(Goal of the exercise) Leave out the pictures. Return every record otherwise untouched.

*** Records to use ***

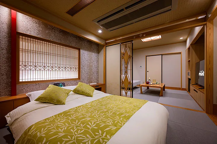 もっと贅沢を味わいたいときには、25号室を選びたい。鳥や植物が描かれた繊細な壁紙に、青を基調としたニュアンスカラー。どこかフランスのアパルトマンを彷彿とさせる空間は、素朴さと高級感が絶妙に調和し、心をほどく寛ぎをもたらしてくれる。ほかにも開放感のある浴室が魅力の部屋や、和の落ち着きを感じる和室など、多彩な表情が楽しめる。
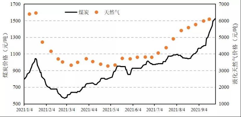 圖1 2021年1-9月份煤炭?jī)r(jià)格和天然氣價(jià)格走勢(shì)
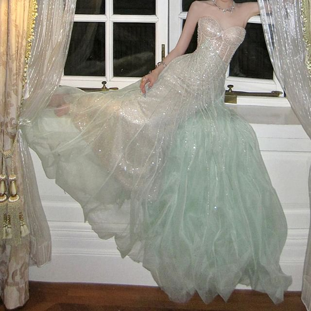 Gorgeous Strapless A Line Birthday Party Dress,Light Green Tulle Sequins Evening Dress Y8713
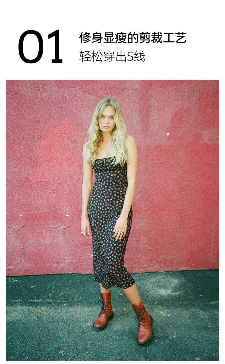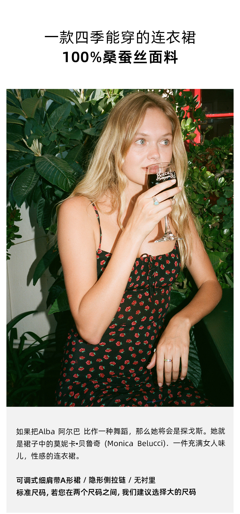RealisationPar 玫瑰碎花吊带复古真丝连衣裙The Alba
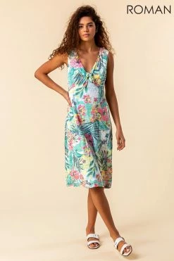 A tropical dream to transport you to somewhere hot and sunny, this tropical print dress has summer written all over it. Featuring a knotted tie detail at the bust and an all-over burnout print, this fit and flare dress is made from a jersey fabric making it easy to pull on over the head. Pair with your favourite sandals and a sun hat for a beach look to turn heads.
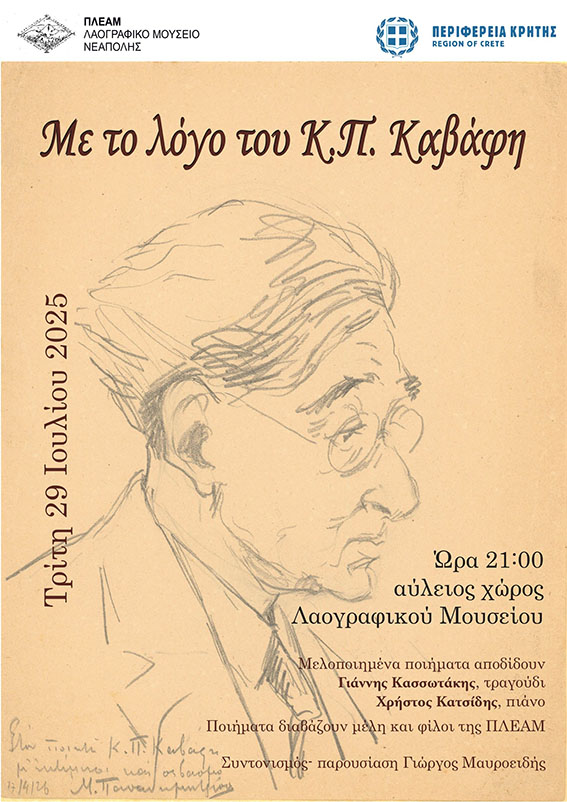Η ΠΛΕΑΜ (Πολιτιστική Λέσχη Εκπαιδευτικών Λασιθίου) παρουσιάζει μια βραδιά αφιερωμένη στον διαχρονικό ποιητικό λόγο του Κωνσταντίνου Π. Καβάφη, την

***

(Response area)
 もっと贅沢を味わいたいときには、25号室を選びたい。鳥や植物が描かれた繊細な壁紙に、青を基調としたニュアンスカラー。どこかフランスのアパルトマンを彷彿とさせる空間は、素朴さと高級感が絶妙に調和し、心をほどく寛ぎをもたらしてくれる。ほかにも開放感のある浴室が魅力の部屋や、和の落ち着きを感じる和室など、多彩な表情が楽しめる。
 圖1 2021年1-9月份煤炭?jī)r(jià)格和天然氣價(jià)格走勢(shì)
 Gorgeous Strapless A Line Birthday Party Dress,Light Green Tulle Sequins Evening Dress Y8713
RealisationPar 玫瑰碎花吊带复古真丝连衣裙The Alba
 A tropical dream to transport you to somewhere hot and sunny, this tropical print dress has summer written all over it. Featuring a knotted tie detail at the bust and an all-over burnout print, this fit and flare dress is made from a jersey fabric making it easy to pull on over the head. Pair with your favourite sandals and a sun hat for a beach look to turn heads.
Η ΠΛΕΑΜ (Πολιτιστική Λέσχη Εκπαιδευτικών Λασιθίου) παρουσιάζει μια βραδιά αφιερωμένη στον διαχρονικό ποιητικό λόγο του Κωνσταντίνου Π. Καβάφη, την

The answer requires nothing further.